At the same pressure, a cooler parcel will be more dense than the environment.
Being denser, the parcel will descend back to where it came from.

If we (somehow) lift the parcel:  It will cool at the dry adiabatic lapse rate.
The parcel will find itself warmer than the environmental (sounding) temperature.
At the same pressure, a warmer parcel will be less dense than the environment.
Being less dense, the parcel will ascend and move farther from where it came from.

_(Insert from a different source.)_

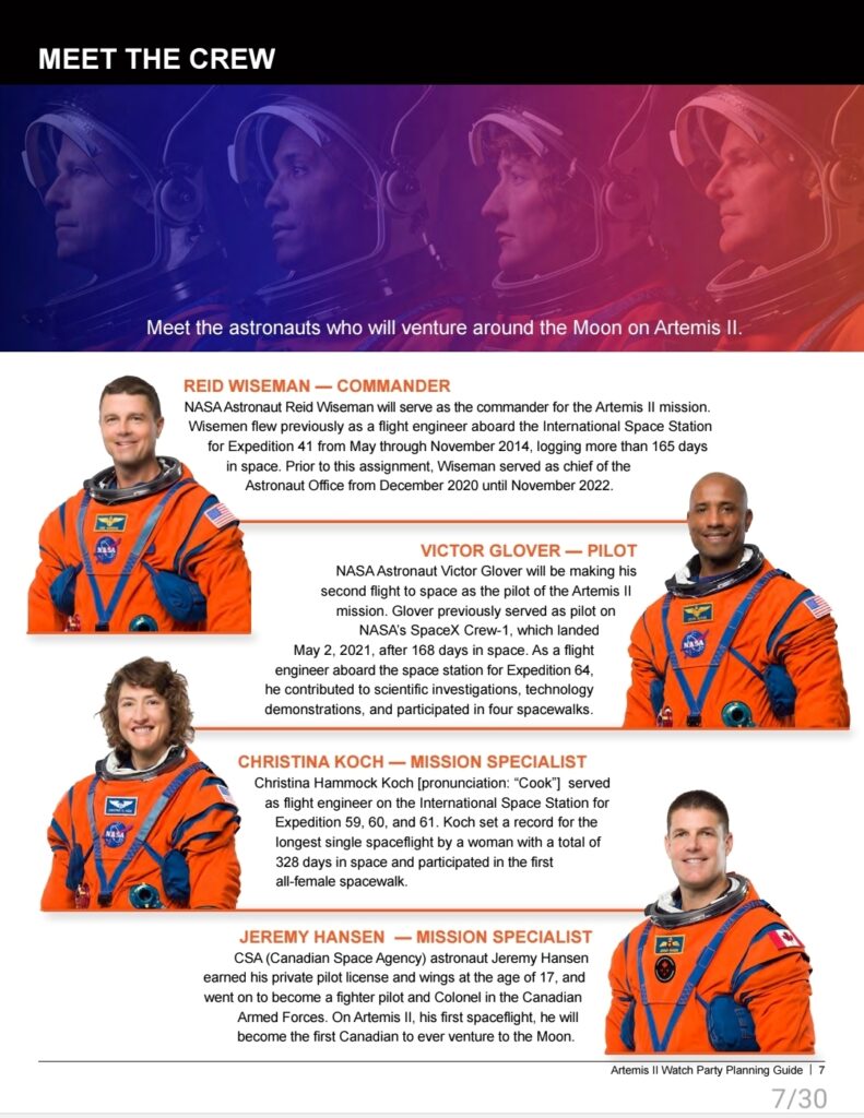 Na ovom istorijskom letu nalazi se četvoročlana posada: komandant Rid Vizmən, pilot Viktor Glouver, kao i specijalisti misije Kristina Koč i Džeremi Hensen iz Kanadske svemirske agencije. Njihova uloga prevazilazi tehnički aspekt – ova misija nosi i snažnu simboliku, jer uključuje prvu ženu, prvog Afroamerikanca i prvog Kanađanina koji će leteti izvan niske Zemljine orbite.

If we (somehow) lift the parcel:  It will cool at the dry adiabatic lapse rate.
The parcel will find itself at the same temperature than the environmental (sounding) temperature.
Being the same density, the parcel will not be accelerated in any direction and will remain where it is.
NEUTRAL STABILITY! -- Dry Neutral, or Conditional Instability


So ...
We can evaluate the stability of an atmospheric layer by comparing the sounding to the dry and moist adiabats.

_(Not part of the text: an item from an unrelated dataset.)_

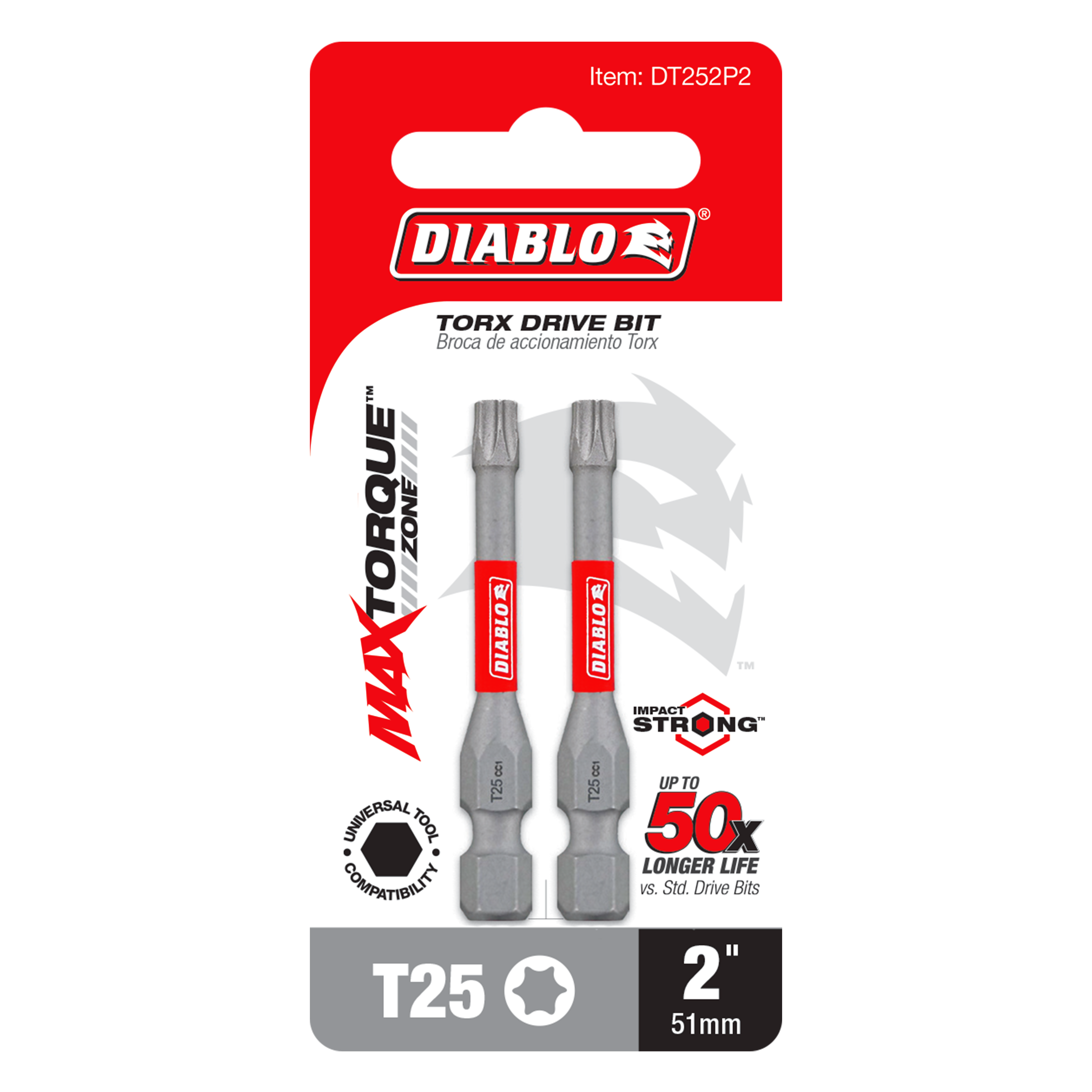 Constructed from high-grade materials, the Diablo DT252P2 offers outstanding resistance to wear and tear, making it a reliable companion for heavy-duty applications. Its compact 2-inch length allows for easy maneuverability in tight spaces, while the #25 Torx head is ideal for a wide range of screws commonly used in woodworking, automotive, and construction projects.

Things to realize from these diagrams:

Now all we have to do is get the parcel of air lifted.  We can do that in four ways:

  1. Orographic Lifting
  2. Convergence and Divergence
  3. Surface Boundaries
  4. Convection

  5. Orographic Lifting

      Air is forced upward by topography

      Adiabatic Warming (Leeward Side)

      Adiabatic Cooling
      (Windward Side)

      Therefore it is usually wetter on the windward side than on the leeward side.

    Convergence and Divergence
      Convergence at the surface (Low Pressure), air rises
      Divergence Aloft

    Surface Boundaries

      Warm and Cold Fronts
      Outflow Boundaries (Thunderstorms)
      Dry Line


      Lift by heating surface (diabatic)
      Parcels of warm air rise from the surface and mix with the ambient air.
      Responsible for cumuliform clouds.

Cloud Formation
When we lift the air, where will condensation occur?

Depends on the moisture content of the air that is being lifted.
Moist air requires less cooling, hence less lifting, to reach the dew point.
Drier air requires more cooling and more lift to reach the dew point.
The lifting condensation level (LCL) is the altitude, usually expressed as a pressure, at which the lifted air is cooled dry adiabatically to saturation.

Clouds will form at this level.

As an air parcel rises and cools, the saturation mixing ratio decreases.
The actual mixing ratio does not change.
When the parcel cools to the point when the parcel mixing ratio and the saturation mixing ratio are equal, RH will be 100% and a cloud will form.

If lifting continues, the parcel will rise moist adiabatically (making a cloud).

Clouds are a visible manifestation of condensation or deposition in the atmosphere.

How can chance collisions of water vapor molecules lead to the formation of cloud droplets that will be long-lived?

If more water is added such that the atmosphere is supersaturated (RH ~300 %), then water molecules can form a stable droplet.  This process is called homogeneous nucleation.

We can measure the amount of moisture in the air and find that the cloud droplets form when the air just reaches saturation.  Why?

Recall that dew and frost form on grass or other things.  The water vapor molecules need a "gathering place".

Nearly a century ago it was discovered that the atmosphere contains particles that have an affinity for water.  These serve as centers for condensation.  They are called Cloud Condensation Nuclei (CCN).

With CCN, we need much smaller supersaturations (RH >100%).  In nature we find supersaturations on the order of 1.5%.

The atmosphere has plenty of CCN:

CCN are more plentiful near the surface of the earth.  CCN are more plentiful over land rather than the ocean.

The formation of cloud droplets using CCN is called: heterogeneous nucleation.